• **PROBLEM REQUIREMENTS**
Quote the material exactly from the line that contains "Large residential complex" through its last line. Any pictures are to be left out.

-- DATASET RECORDS follows --

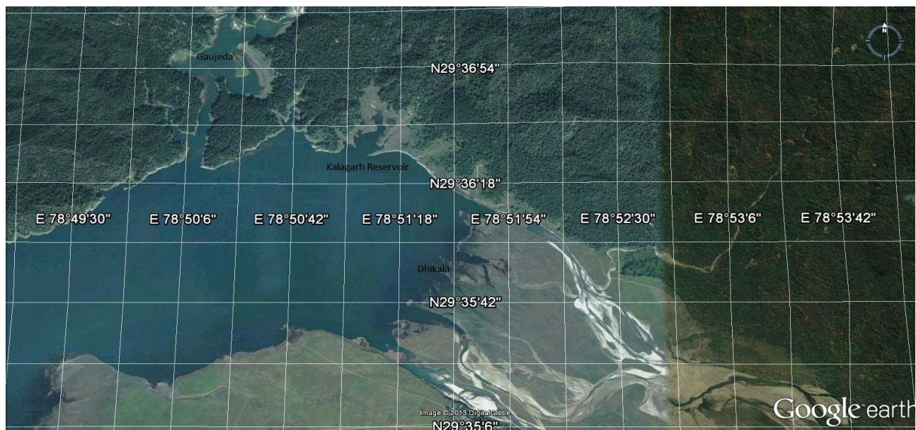
Map 4. Areas surveyed for Gharial 2013, in Dhikala, CTR.
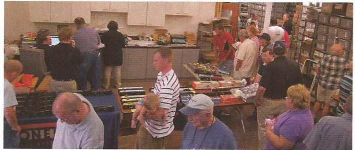
Visitors to the open house also had a chance to purchase a wide range of Lionel products as well as items from the parts inventory.

In addition to a tour of the facility, visitors at the open house were treated to several clinics, raffles, and some goodies to eat, and those who wished to could also purchase parts and other items at a nice discount.
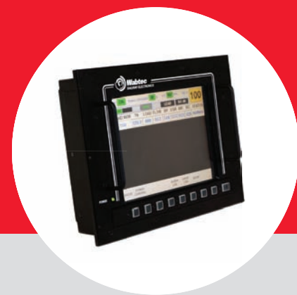
Computer Display Unit (CDU)
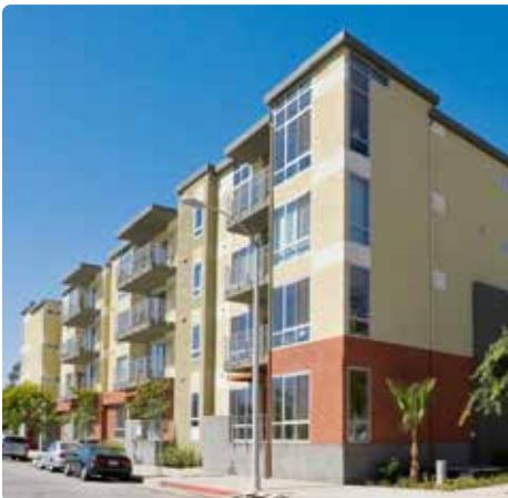
Large residential complex
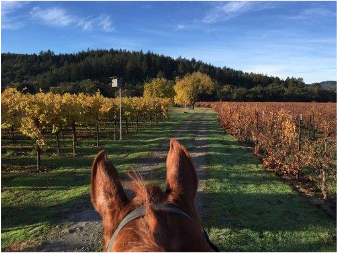
PRIVATE GUIDED TOURS / SPECIAL EXPERIENCES

-- DATASET RECORDS concluded --

• **RESPONSE**
Large residential complex
PRIVATE GUIDED TOURS / SPECIAL EXPERIENCES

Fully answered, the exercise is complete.